Pashtuns rally in Peshawar to end ‘Enforced Disappearances’

Pashtun protestors want to settle demands in Pakistan court, vow to continue until demands met

Over 32,000 Pashtuns have gone missing in 10 years as part of a crackdown by Pakistan’s army and ISI

The new movement has struck a chord with thousands of Pashtuns, who are calling for their rights to be protected.

Members of Pashtun Tahafuz Movement (PTM) in Pakistan’s Khyber Pakhtunkhwa province on Tuesday vowed to continue their protest action until their demands regarding the protection of their rights are met.

This also includes being told the whereabouts and/or fate of all those who have gone missing from Khyber Pakhtunkhwa and Federally Administered Tribal Areas (Fata) over the past few years.

PTM leader Manzoor Pashteen, in an interview with Al Jazeera, said that the protesters want to settle their demands in court so that there is an “assurance of the agreement”.

According to the organizers of the protest, over 32,000 Pashtuns have gone missing in Pakistan over the past 10 years as part of a crackdown by Pakistan’s military and Pakistan’s intelligence agency Inter-Services Intelligence (ISI).

Until now, families have no knowledge about their fate.

“When I started the movement, I used to go from house to house and tell people what was going on in our area in terms of injustice and atrocities,” protest organizer Manzeen Pashteen told Al Jazeera.

“But most of the time, I would get a reply from them: ‘Pashteen, you will get killed. Don’t do this,” Dawn News quoted Pashteen as saying.

Pashteen also said he was forced to leave his native area, held in unlawful detention and often harassed for suspected links with armed groups in Pakistan and across the border in Afghanistan.

“My father, wife and mother expect every day to hear the news of my death or disappearance. They are worried for me and sometimes angry at me,” he said, adding that he wants a better future for Pashtuns in Pakistan “including my one-month-old daughter”.

Pashtun protestors numbering in their thousands, from Khyber Pakhtunkhwa and Pakistan’s FATA regions , participated in Sunday’s gathering and chanted the slogan da sang azadi da (what kind of freedom is this).

The protests are also attended by the families of the missing people.

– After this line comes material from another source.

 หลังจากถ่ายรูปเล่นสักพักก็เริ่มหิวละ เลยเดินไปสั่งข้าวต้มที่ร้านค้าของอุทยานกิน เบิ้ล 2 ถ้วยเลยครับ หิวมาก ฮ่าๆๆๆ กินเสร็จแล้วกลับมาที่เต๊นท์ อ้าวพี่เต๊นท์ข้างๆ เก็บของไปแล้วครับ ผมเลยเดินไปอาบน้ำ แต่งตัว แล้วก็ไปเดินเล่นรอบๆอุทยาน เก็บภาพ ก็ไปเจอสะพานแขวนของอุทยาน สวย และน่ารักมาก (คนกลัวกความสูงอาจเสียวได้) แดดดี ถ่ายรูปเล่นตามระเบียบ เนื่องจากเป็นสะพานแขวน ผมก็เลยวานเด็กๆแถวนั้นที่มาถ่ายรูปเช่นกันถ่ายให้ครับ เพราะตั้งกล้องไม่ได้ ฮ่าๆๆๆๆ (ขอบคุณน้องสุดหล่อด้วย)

The killing of an aspiring model from the community – which makes up about 15 percent of Pakistan’s 207 million population – in January sparked the countrywide protests.

On Sunday, Pashteen led a rally of an estimated 60,000 protestors in Peshawar.

According to RFE/RL’s Radio, the mass demonstration took part despite a media blackout in much of the country on reports about the protest.

The PTM will hold next rallies in Lahore on April 22 and in Swat on April 29.